Mutually exclusive and collectively exhaustive subset of $S$ is called a partition of $S$.

A discrete probability space is a triple $(S, \F, P)$ where

$S$ is a sample space,

$\F = 2^S$ is a collection of all events,

$P: \F \to [0, 1]$ is a probability function.

Let $S$ be a sample space. Then $\F \subseteq 2^S$ is a $\sigma$-field if

$\emptyset \in \F$,

if $A_1, A_2, \cdots \in \F$ then $\cup_{i=1}^\infty{A_i} \in \F$, and

if $A \in \F$ then $\bar{A} \in \F$.

A probability space is a triple $(S, \F, P)$ where

$S$ is a sample space,

$\F \subseteq 2^S$ is a $\sigma$-field - a collection of sets representing the allowable events

$P: \F \to [0, 1]$ is a probability function.

We cannot use $\F = 2^S$ because $\F$ has to be a measurable set.

Random Variables

We define random variables to develop methods for studying random experiments with outcomes that can be described numerically. Almost all probabilistic computation is done using random variables.

Discrete Random Variables

A discrete random variable $X$ on a sample space $S$ is a function $X: S \to \R$ that assigns a real number $X(s)$ to each sample point $s \in S$.

The image of a random variable $X$ is $\Im(X) = \condset{X(s)}{s \in S}$.

For a random variable $X$ and $x \in \R$ we define the inverse image of $x$ to be the event
\[[X = x] = \condset{s \in S}{X(s) = x}\]
i.e. the set of all sample points from $S$ to which $X$ assigns the value $x$.

\[P([X = x]) = P(\condset{s \in S}{X(s) = x}) = \sum_{s:X(s)=x}{P(s)}\]

Probability mass function (probability distribution) of a discrete RV $X$ is a function $p_X: \R \to [0, 1]$ given by
\[p_X(x) = P(X = x) = \sum_{s:X(s)=x}{P(s)}\]

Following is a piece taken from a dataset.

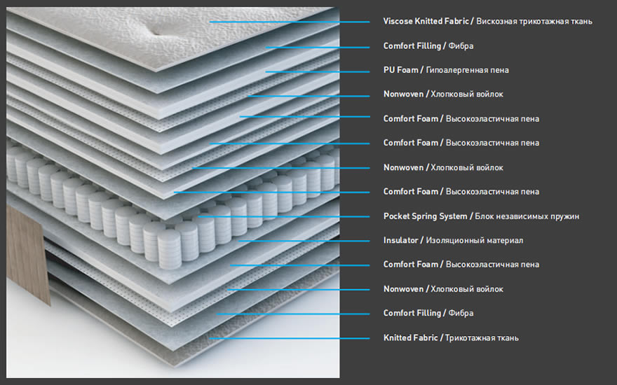 Comfort Filling / Фібра - дуже пружний матеріал, який миттєво відновлює свою форму після стискання. Не вбирає вологу, тому в ньому немає умов для життя мікроорганізмів, а значить, і його гігієнічні властивості дуже високі. |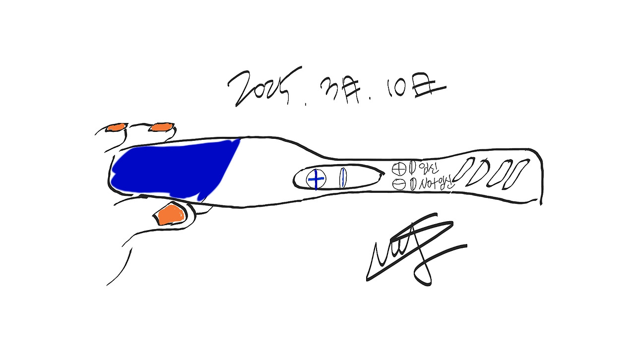 그런데 두 눈을 믿을 수 없는 일이 생겼다. 눈도 제대로 다 뜨지 못한 채 얼른 쓰고 버릴 요량으로 해 본 임신 테스트기에는 아주 선명한 임신 선이 나타나 있었다.

The cumulative distribution function (distribution function) of a discrete RV $X$ is a function $F_X: \R \to [0, 1]$ given by
\[F_X(x) = P(X \leq x) = \sum_{t \leq x}{p_X(t)}\]

Continuous Random Variables

Given a probability space $(S, \F, P)$, a continuous random variable $X$ on a sample space $S$ is a function $X: S \to \R$ such that$
\[\condset{s}{X(s) \leq r} \in \F \text{ for each } r \in \R\]

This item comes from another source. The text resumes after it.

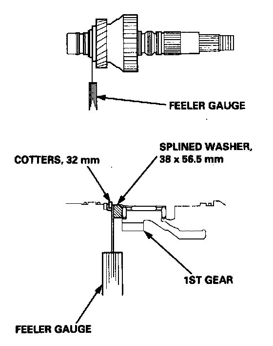 2. Measure the clearance between the 38 x 56.5 mm splined washer and cotters with a feeler gauge.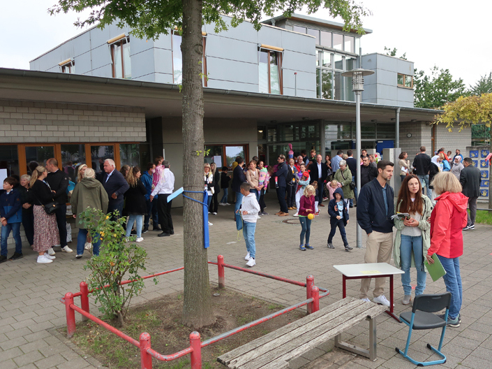 Gestartet sind wir um 8:15 mit einem ökumenischen Gottesdienst. Danach wurden die Kinder von ihren Klassenlehrerinnen auf dem Schulhof mit einer Sonnen-Kette begrüßt. Zusammen gingen sie dann ins Forum für die eigentliche Einschulungsfeier. Die Feier hatten die Klassen 2 vorbereitet. Für die Probe hatten die Kinder nur den Montag Zeit. Und sie haben das toll gemacht. Danke dafür!

The cumulative distribution function of a random variable $X$ is a function $F_X: \R \to [0, 1]$ given by
\[F_X(x) = P(X \leq x)\]

Probability density function of $X$ is the function $f_X: \R \to \R$, for which
\[F_X(x) = \int_{-\infty}^x f_X(t)dt\]
holds.

Mean Value

Expectation (mean value) of a random variable $X$ is defined as
\[E(X) = \sum_{x \in \Im(X)}{x \cdot P(X = x)}\]
provided the sum is absolutely convergent (is finite). In case the sum is convergent but not absolutely convergent, we say that no finite expectation exists.

For continuous variables:

\[E(X) = \int{x \cdot f_X(x) dx}\]

Moments

The $k^{\text{th}}$ moment of a random variable $X$ is defined as $E(X^k)$.

The $k^{\text{th}}$ central moment of $X$ is
\[\mu_k = E([X - E(X)]^k)\]

Variance

The second central moment is known as the variance of $X$ and defined as
\[\Var(X) = \sigma_X^2 = E([X - E(X)])^2\]
The square root of $\Var(X)$ is the standard deviation $\sigma_X$.

If variance is small, then $X$ takes values close to $E(X)$ with high probability. If the variance is large, then the distribution is more ‘diffused’.

Also, $\Var(X) = E(X^2) - [E(X)]^2$

Important Theorems

Markov inequality: Let $X$ be a nonnegative random variable with finite mean value $E(X)$. Then for all $t > 0$ it holds that
\[P(X \geq t) \leq \frac{E(X)}{t}\]
Alternatively, for $k > 0$,
\[P(X \geq k \cdot E(X)) \leq \frac{1}{k}\]

Chebyshev inequality: Is Markov inequality applied to the variable $[X - E(X)]^2$. Let $X$ be a random variable with finite variance. Then
\[P[\abs{X - E(X)} \geq t] \leq \frac{\Var(X)}{t^2}, t > 0\]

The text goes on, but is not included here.